Analys
Dollar Weakness Helps Gold To All-Time Highs
Gold Passes Two Important Sign-Posts

The gold bull market passed two important sign-posts in July. The strength of the market is impressive as it blew through $1,800 and the all-time high of $1,921. These prices had been major technical resistance points set a decade ago.
The second significant signpost in July was the new U.S. dollar weakness. U.S. dollar weakness is a hallmark of most gold bull markets, but in this cycle gold had so far been rising in a flat dollar environment. The chart below shows the U.S. dollar index (DXY)1 has been in a bull market since 2011. However, the dollar declined through July, then fell precipitously at the end of the month, appearing to have broken its long-term trend. We may be seeing the beginnings of a bear market for the dollar.
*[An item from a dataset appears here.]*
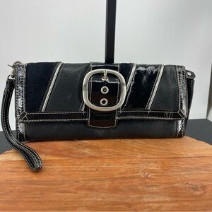FOSSIL BLACK LARGE WRISTLET CLUTCH Three Leather & Silver Tone Trim & Buckle
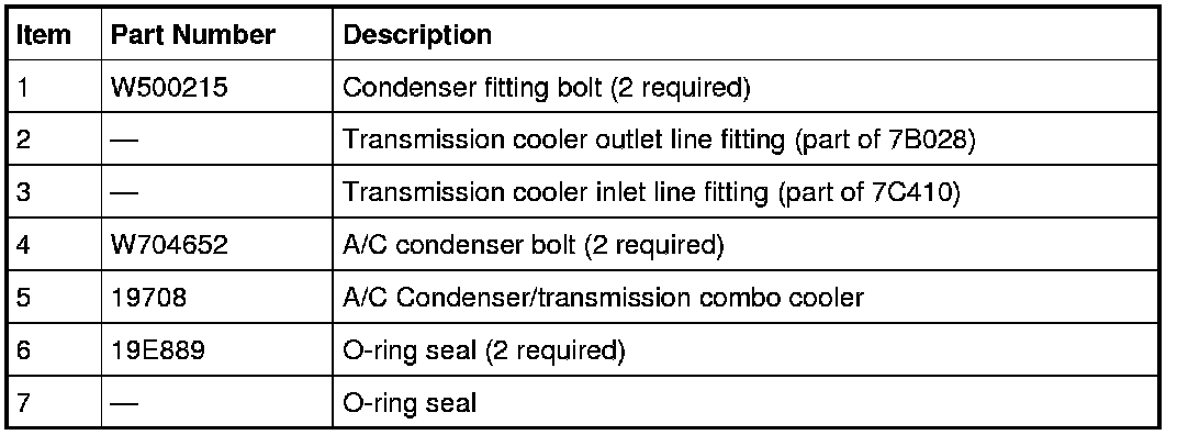 NOTE: The O-ring seals used on this vehicle are not interchangeable with all similarly sized O-ring seals used on other Ford products. Use only the O-ring seals specified for this vehicle.

This enabled gold to test the $2,000 per ounce milestone as it reached an intraday high of $1,983 on July 31. Gold closed out July at $1,975.86 per ounce for a $194.90 (10.9%) monthly gain.
U.S. Dollar Index Breaking Its Near 10-Year Support Trend (2011 to 2020)?

Gold Miners Remain Well Positioned (Especially Junior Developers)
Gold stocks moved higher as the vast majority of companies reporting second quarter results met or exceeded expectations. COVID-related costs were also reported, showing the industry has done an excellent job of dealing with operational issues in our view. For example, 1.7 million ounce producer Agnico-Eagle (approximately net assets of 4.7% as of end-July) was among those hardest hit by pandemic lock downs. Its costs for temporary mine suspensions totaled $22 million, whereas the cash provided from operations totaled $162 million. Going forward, per the company’s second quarter 2020 financial results, Agnico-Eagle expects COVID protocols to cost $6 per ounce, which raises their cash costs by less than 1%. For the month, the NYSE Gold Miners Index (GDMNTR)2 gained 14.4%, while the MVIS Global Junior Gold Miners Index (MVGDXJTR)3 advanced 19.8%.
Junior developers are a class of company that you won’t find much of in passive index funds. These are companies with properties that are in various stages of development, but not yet producing gold. Our active gold equity strategy invests across the spectrum of companies and currently carries 22 junior developers that total approximately 26% of the strategy’s net assets as of end-July. These companies had been underperforming since the gold price broke out in June 2019. This is a sharp contrast from past bull markets, when the juniors began outperforming the larger companies much earlier. Through the second quarter and into July, the junior developers have finally kicked into gear. Seven of our juniors have now gained over 100% year to date. We don’t expect to give back these gains because the stocks had been extremely undervalued and many of our companies have announced encouraging drill results and new discoveries that create lasting value. In addition, investors have returned to the junior sector, enabling companies to raise $1.5 billion this year, and the second quarter was their strongest for equity raises since 2012, according to RBC Capital Markets.
$2,000 Gold Is About More Than Just The Pandemic
Gold has tested the $2,000 per ounce level sooner than we had anticipated and we believe there is more than the pandemic to overcome at this point.
- Slower Recovery – During July, two Federal Reserve (Fed) presidents, a Fed governor, and its Chairman all warned of a long, slow road to economic recovery. Initial jobless claims have stagnated for eight weeks at around 1.4 to 1.5 million. Contrast this with the Global Financial Crisis (GFC), where initial jobless claims declined steadily to 587,000 in the same time frame, seventeen weeks after the recession peak. JPMorgan said it was preparing for an unemployment rate that remains in double digits well into next year and a slower recovery in gross domestic product (GDP) than the bank’s economists assumed three months ago.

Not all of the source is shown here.